1. He agreed to appear at an event I was putting on at the ICA in 1968, comparing different translations of the Bible. He came, of course, as an actor, an impeccable professional. He read from the Book of Revelation: ‘And there followed another angel, saying, Babylon is fallen, is fallen, that great city, because she made all nations drink of the wine of the wrath of her fornication.’ In his searing voice, you could hear the same wrath I now hear when he lays into murderous Superpowers.
But in the same programme I gave him to read the greatest love-poem in the Bible, the Song of Songs: ‘Stay with me flagons, comfort me with apples: for I am sick of love.’ His voice was a caress of tenderness. The fury, the tenacity, makes him a fighter; the tenderness reminds us he is a poet.

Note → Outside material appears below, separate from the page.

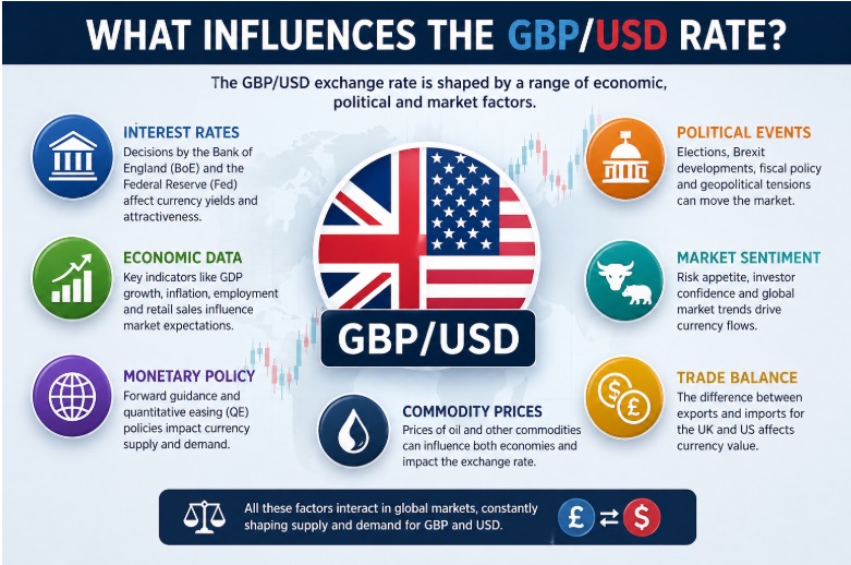 GBP/USD (British pound to US dollar) is affected by interest rates, economic indicators, politics, and market sentiment.

2. When he and I worked at the National Theatre, he agreed to read other people’s poetry once a year, on the Olivier Theatre stage. The first time I chose Louis Macneice’s Autumn Journal (1939), that lyric diary of a man on the threshold of a war. MacNeice’s speaker, like a documentarist in verse, sees peace collapse around him in a hundred details. Harold, dry-voiced, found the horror of what lay ahead in these simple lines:
As I go out I see a windscreen-wiper
In an empty car
Wiping away like mad and I feel astounded
That things have gone so far.
3. The pleasure of witnessing Harold’s irascibility. (And doubtless the pain of being on its receiving end). At one planning meeting of the National Theatre directorate, Jonathan Miller put forward his iconoclastic plan for a new production of The Importance of Being Earnest. His idea, he announced, was to have Lady Bracknell played by a man. He illustrated this at some length with examples of ambiguities in the text, homosexuality and the treatment of women in Victorian times. The room fell silent. Then Harold cuttingly said, ‘Jonathan, if Oscar Wilde had wanted Lady Bracknell to be played by a man, he would have fucking said so.’